ETH075 – RFinder

If you are anything like me you have used those little repeater Everything Ham Radio Podcast Logodirectories and strained your eyes in the process. I use to hate trying to find a repeater to use while I was on a trip. Most of the time, while I was on a trip, the town that I was in didn’t have any repeaters in it, but the next town over did. Maybe it was two towns over, or the third of fourth town that I look at in the directory. Either way, it was a pain in the…well you know.

Bob had the same thinking that I did all those years ago, but he acted on it. He went and digitized all the repeater data that was available and made it into an Android app. It is now available to IPhone, Android and on the web for just a small fee.

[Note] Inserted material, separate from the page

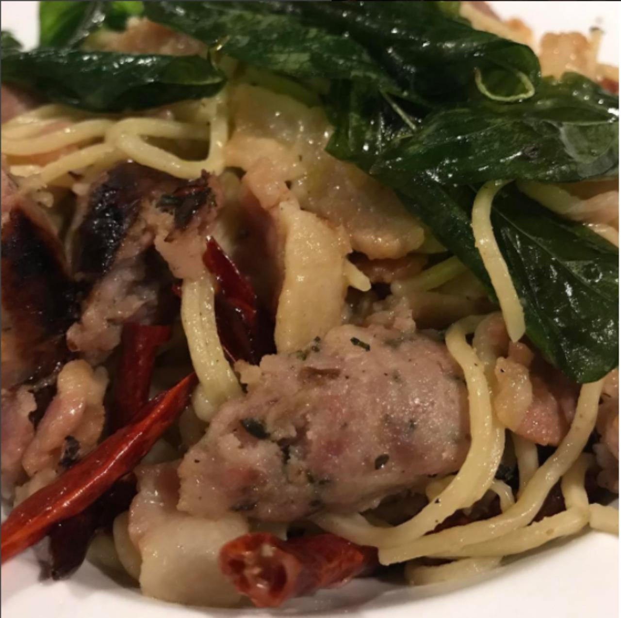 ร้านนี้บริการอาหารแนวตะวันตก มีพวกสเต็ก สลัด พาสต้า เป็นต้น แอบเห็นพี่ฉอดไปทานจานเด็ดของร้านนี้มา ได้แก่ ผัดสปาเก็ตตี้พริกแห้งกะเพรากรอบ สเต็กหมูสอดไส้ และสเต็กแซลมอนย่างราดเกรวี่

RFinder is the official repeater directory of Canada, the United Kingdom as well as 13 other countries. This year the ARRL partnered with RFinder to print the 2017 ARRL repeater directory. This years directory has 10,000 more listings and is the first time that the ARRL has crowd sourced the repeater information. The data that RFinder uses comes from many different places including Repeater societies, club websites and directly from repeater owners.

For more information about RFinder, hear it from Bob himself in the latest episode of the Everything Ham Radio Podcast at http://www.everythinghamradio.com/podcast/75

Curtis Mohr, K5CLM, is the author/owner of Everything Ham Radio Blog and Youtube channel. Contact him at [email protected].

4 Responses to “ETH075 – RFinder”

  • Tom. N4TV:

    Ready for this to happen

  • tom, KA4CSG:

    Now to tie it with gps mapping and data transfer to the radio. A traveler’s dream

  • Clint, KA7OEI:

    While the RF Finder is a cool tool, it is still a work in progress.

    Here in rural “7” land we’ve noticed that it has contained an odd mixture of repeaters that missing, those that have either never been on the air or have not been on for many years – and a small number of people seem to mistake getting a repeater listed on RF Finder as the equivalent of it being properly coordinated.

    To be sure, things are getting better as bona-fide frequency coordinators are better-able to make sure that the contained data is up-to-date, accurate and makes sense, but doing so is a constant battle that requires continued effort.

    Here’s hoping that this tool will be increasingly useful with time!

  • Tim Scrimshaw 4X5TS:

    You may also wish to check out repeaterbook.com, which is a free alternative.